SPAIN BOOK REVIEW: ‘Sketches of Spain (Impresiones y Paisajes)’ by Federico García Lorca

Lorca cover

At age 17, Federico García Lorca travelled around Spain with his university professor and accompanying students. This trip proved a turning point for Lorca, who, at 19, published Impresiones y Paisajes (Impressions and Landscapes 1918), an account of how he saw his homeland.  Lorca wrote this book while in Granada, before he moved to Madrid in 1919 to produce many of his well-known works. Sketches of Spain is a fine chance to read Impressions and Landscapes in English, and hear him find his own voice as an artist.

From the prologue, you can hear and understand Lorca’s prose – ‘Friend and reader: if you read the whole of this book, you will recognise a rather vague melancholy. You will see things that fade and pass on, and things portrayed always bitter, if not sadly”. Clearly, Lorca finds beauty in all things, even in the less-than pristine places that he visits. It feels like less of a story, and more of a poem, or of reading out the words to a song. Lorca finds feeling in everything he discovers on his journeys.

In each chapter as Lorca drifts from town to town, the physical is described, along with the depth of feeling and symbolism he finds in the everyday. Each description is poetic, and delivers on the promises of melancholy, along with flashes of solitude and wanting. Each place is explained until the reader can ‘feel’ them, understand them, and have moments in their own minds triggered by sounds, smells and ideas.  Lorca visits places of religion – monasteries, churches and convents, and sees the beauty in the buildings, but not the nature of them. Lorca seems to feel as if these structures are burdens on towns and people. He clearly finds no solace in religion, nor the people he meets on his visits. He feels that prayers are never answered, and that penitence has no purpose, that instead charity would be a more suitable aspiration.

The poverty of Spain during this time (1916/17) is highlighted, along with the cruelty it inflicts on the populace, yet Lorca finds moments of light within it, showing how this poor lifestyle means people can easily appreciate simple pleasures, such as the smell of their food, or the sunshine on their skin. Galicia is filled with rain, poor children and social injustice; Granada with flamenco and austerity; Castile is a wide open existence of fine scenery but harsh reality. He reflects on death in Burgos when looking through empty tombs. It’s as if Lorca travelled through Spain with his eyes sometimes closed, but the rest of his senses dramatically heightened.

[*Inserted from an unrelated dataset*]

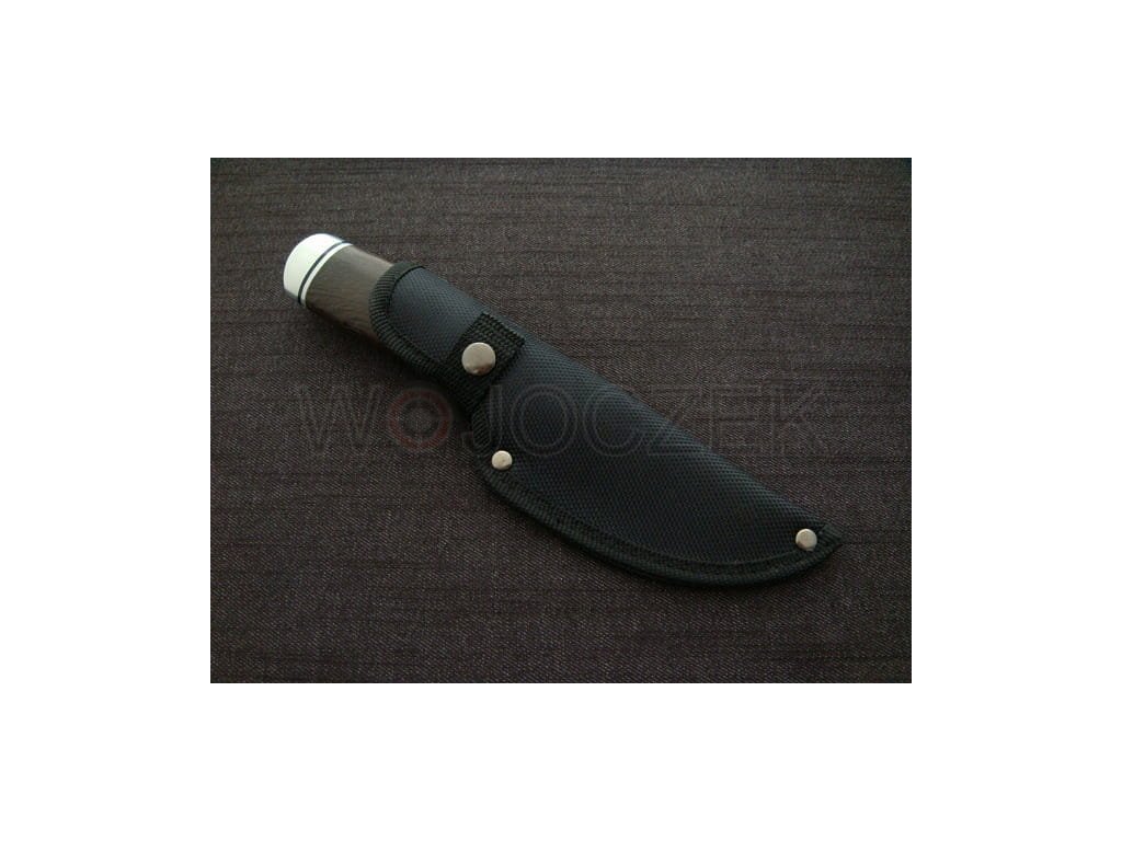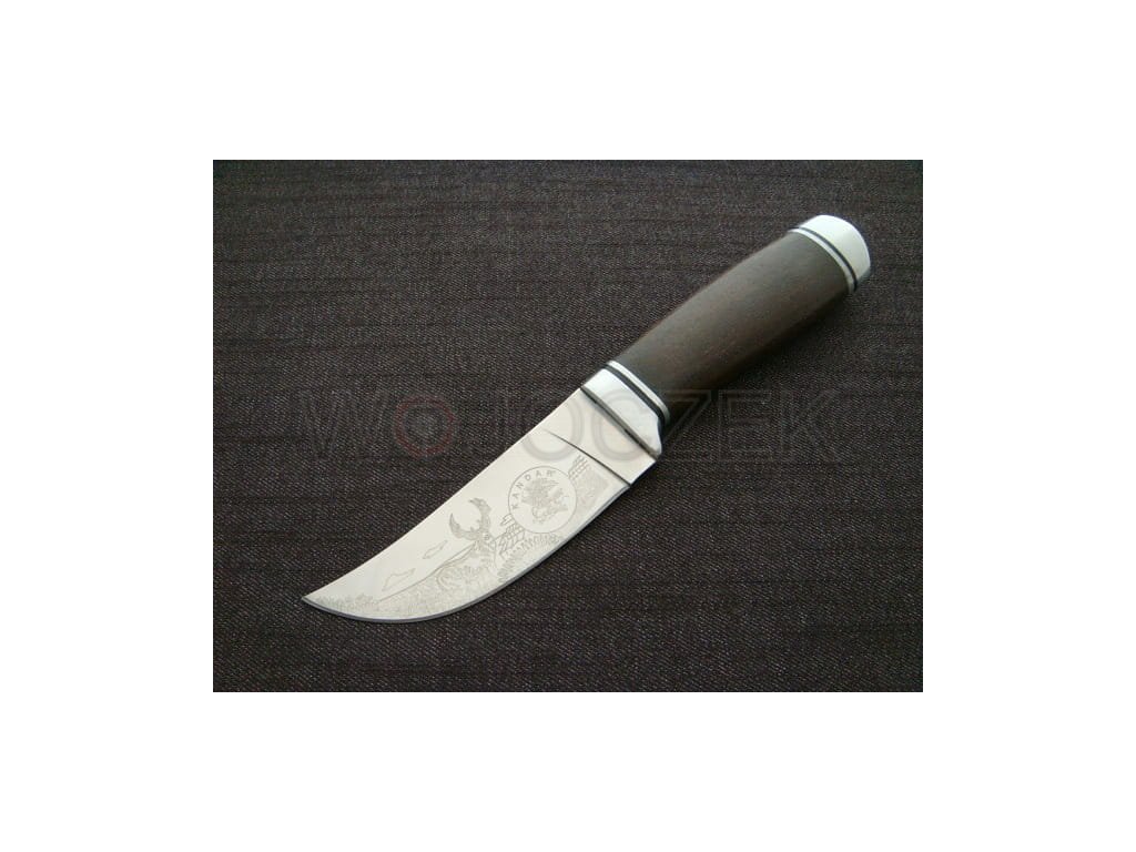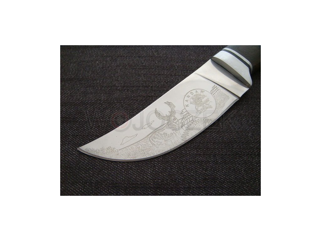 KANDAR HUNTING KNIFE N-1581 A hunting knife with a beautifully decorated blade, straight from the renowned Kandar brand. It will be a great and necessary tool on any trip, camping, hunting or other outdoor activities. Its extremely solid Hidden Tang construction provides maximum resistance to possible damage. The blade with a classic trialing point profile is made of high-quality 440 stainless steel. The blade has a one-sided, precise engraving depicting a deer on a rut. The very comfortable handle made of natural wood fits perfectly in the hand. It allows for a firm and strong grip, extremely useful during harder work in the forest. A small metal crossguard will effectively stop the hand from sliding towards the blade. The Kandar hunting knife is equipped with a black, classic Cordura sheath that can be attached to the trouser belt. Technical data: Knife type: with a fixed blade Blade profile: trialing point Blade type: smooth Overall length: 230 mm Blade length: 110 mm Handle length: 120 mm Blade width: 34 mm Blade thickness: 3.8 mm Weight: 144 g Blade material : stainless steel 440 Handle material: wood + metal Cover: yes, cordura Hidden Tang construction Manufacturer: Kandar Country of origin: PRC

Of Castile, Lorca writes – ‘Eternal death will lock you into the gentle, honeyed sound of your rivers, and hues of tawny gold will always kiss you when the fiery sun beats down… You grant the sweetest consolation to romantic souls that our century scorns, you are so romantic, so bygone, and they find tranquillity and blissful exhaustion beneath your curved ceilings…’

Given Lorca’s young age when he made this trip, it is easy to feel a soul which is still learning of who it will one day become. While you get a real insight into Lorca’s style, he himself is hidden behind the words. The book has been translated into English by Peter Bush, and it rare to find a translation that comes out feeling so smooth and comfortable. The illustrations for the book are done by Julian Bell, and easily reflect the desperate sights where Lorca once tread.

This book would go well with a chair in the sunshine, and a glass of wine in hand. (Sadly, I had access to neither of these things, so have a sip for me!) This book is perfect for escaping reality and to discover how a genius once saw the world.